SOURCE MATERIAL:
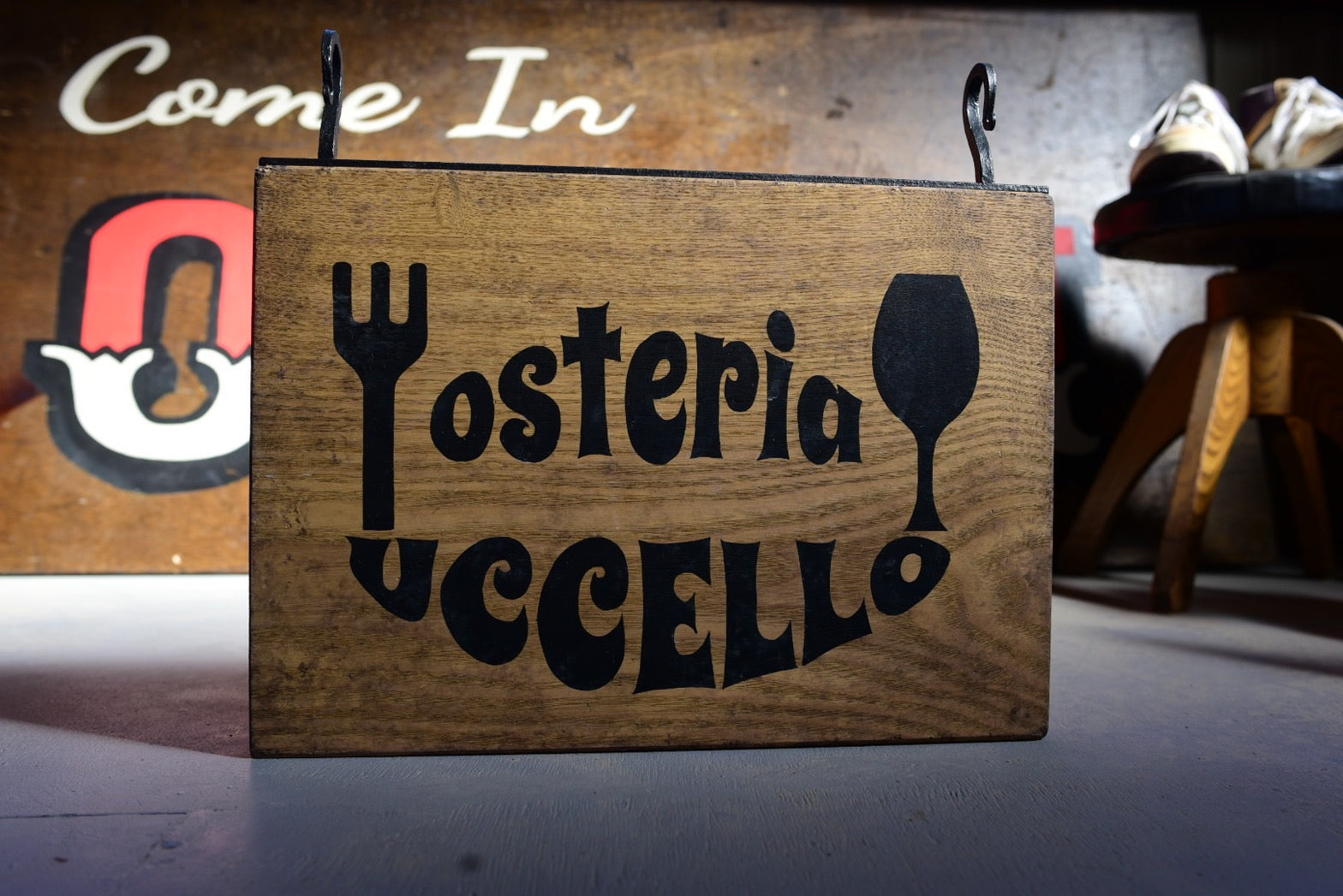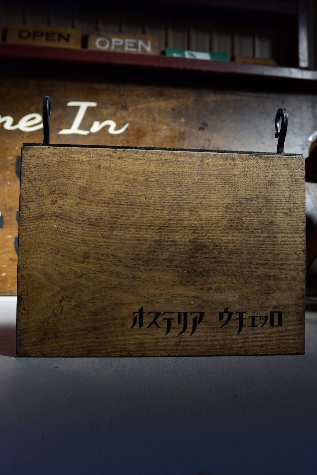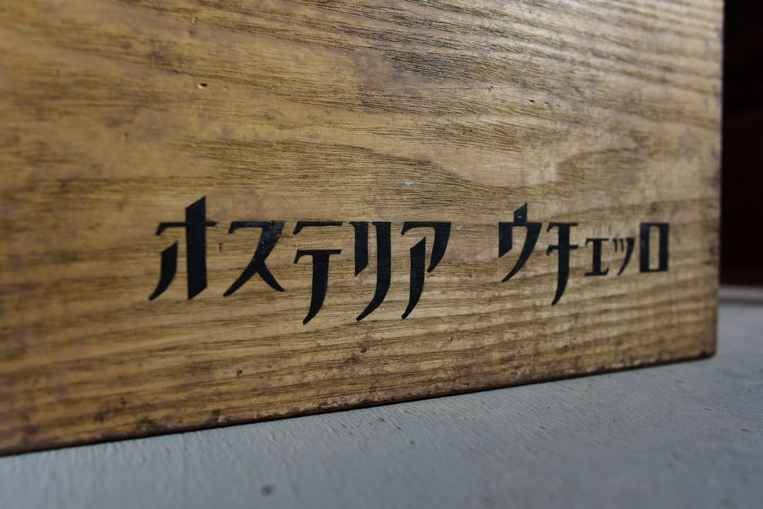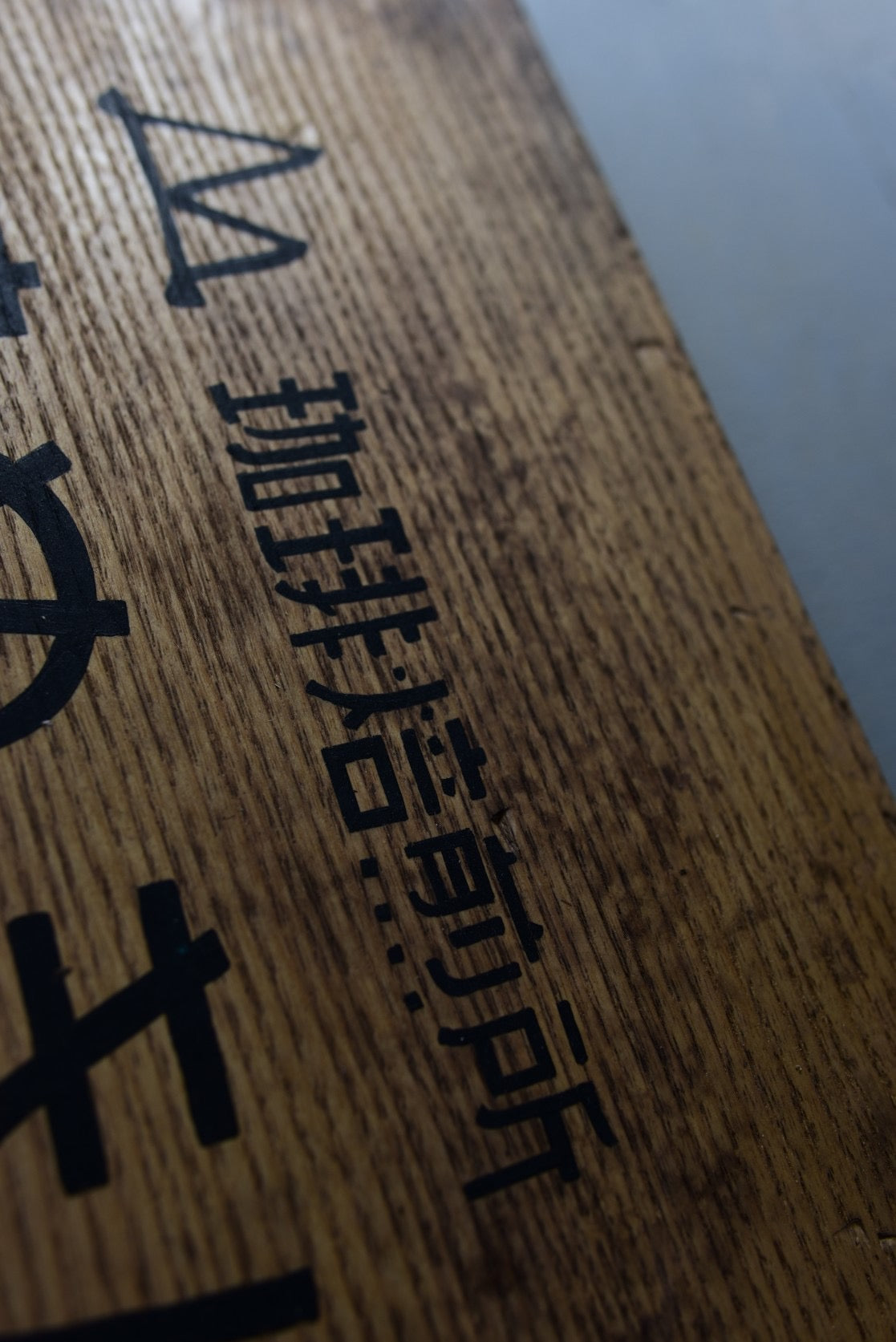 あらかじめエイジング塗装を施しておくことで、経年を軽く経たような雰囲気に仕上げています。周囲の環境に馴染ませたいときにとてもいいです。文字はすべて水性の筆書きのため、上質な艶消しの文字と手書きのAjiが、カッティングシートには無い、人の体温に触れた時のような安心感を与えてくれます。
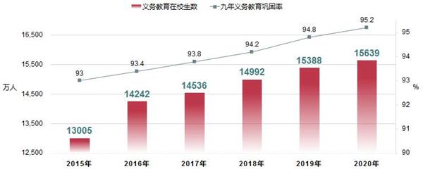 2020年,全國共有義務(wù)教育階段學(xué)校21.08萬所。招生3440.19萬人,在校生1.56億人。專任教師1029.49萬人。九年義務(wù)教育鞏固率95.2%。
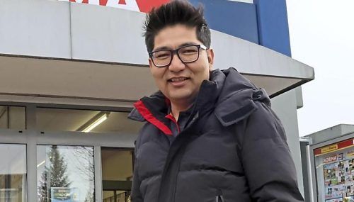Darf endlich arbeiten: der Afghane Ali Motaki vor der Supermarkt-Filiale. © Rutt

ACTIVITY:
When repeating the material above, keep every line exact and drop all pictures.

SOLVED EXERCISE:
 あらかじめエイジング塗装を施しておくことで、経年を軽く経たような雰囲気に仕上げています。周囲の環境に馴染ませたいときにとてもいいです。文字はすべて水性の筆書きのため、上質な艶消しの文字と手書きのAjiが、カッティングシートには無い、人の体温に触れた時のような安心感を与えてくれます。
 2020年,全國共有義務(wù)教育階段學(xué)校21.08萬所。招生3440.19萬人,在校生1.56億人。專任教師1029.49萬人。九年義務(wù)教育鞏固率95.2%。
Darf endlich arbeiten: der Afghane Ali Motaki vor der Supermarkt-Filiale. © Rutt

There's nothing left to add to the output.